Casi como si me estuvieran preparando para el encuentro con los “refugiados” españoles que llegaría tiempo después, a los trece años no sólo me regalaron las poesías completas de García Lorca en esa bellísima edición que en papel biblia publicó editorial Aguilar, sino también, y como yo decía que quería ser maestra, el libro de Vicente Ferrer Guardia, La escuela moderna.
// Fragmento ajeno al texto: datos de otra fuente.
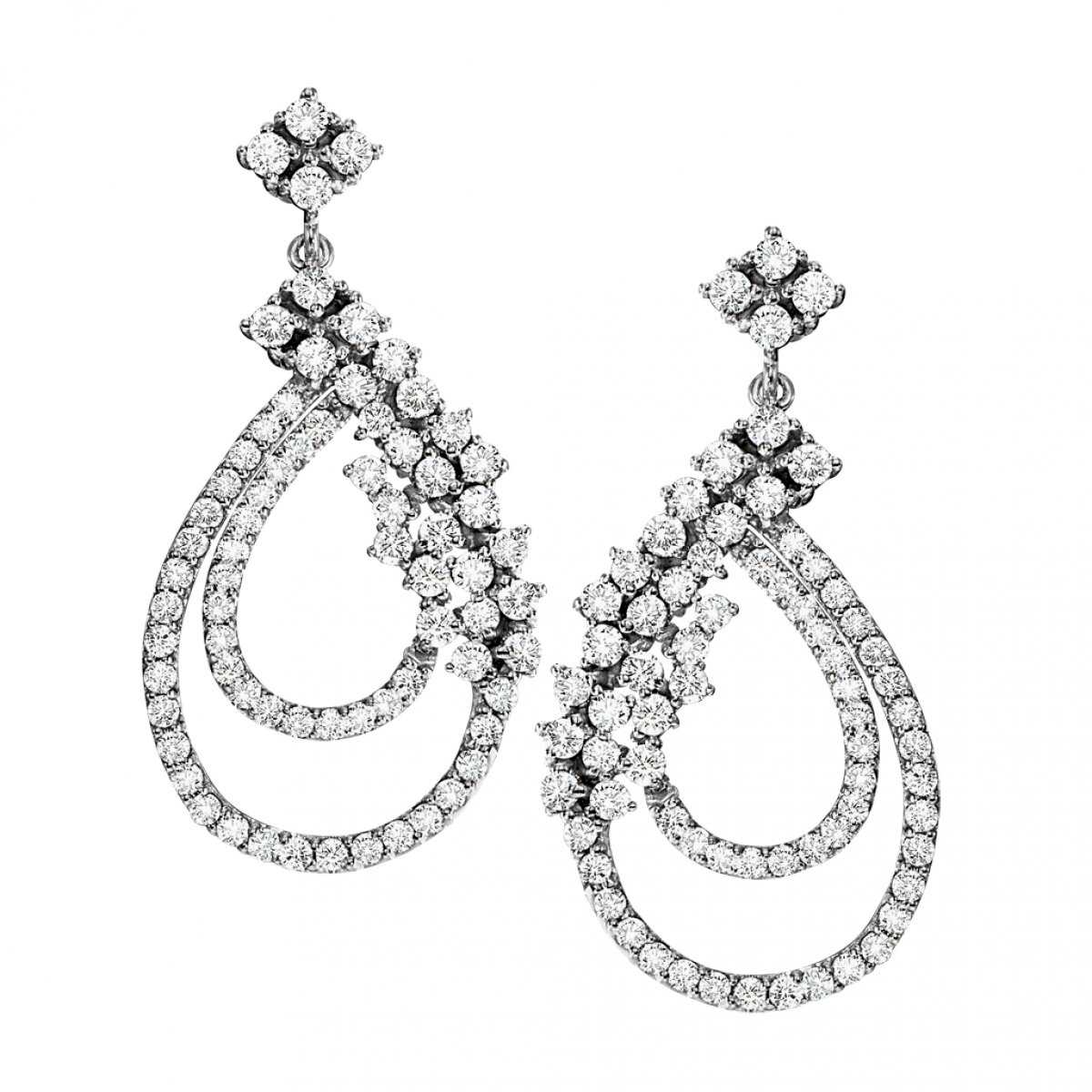 14kt. White gold 2.90ctw Round Brilliant Cut diamond Double Tear drop Luxurious and Grand Dangle Earrings

De él escribió Anatole France, a raíz de su ejecución en 1909:
Su crimen es el de ser republicano, socialista, librepensador; su crimen es haber creado la enseñanza laica en Barcelona, instruido a millares de niños en la moral independiente, su crimen es haber fundado escuelas.
Otro sería nuestro México sin el aporte de aquellas mujeres y hombres que en 1939 llegaron derrotados, pero aún así cargados de sueños, de proyectos, de esperanzas. Ellos sabían que, como decía el poeta: si he segado las sombras en silencio,
me queda la palabra… Y la palabra fue lo más importante que trajeron en el equipaje. Las palabras, las ideas. Somos herederos de esa historia, de esa memoria.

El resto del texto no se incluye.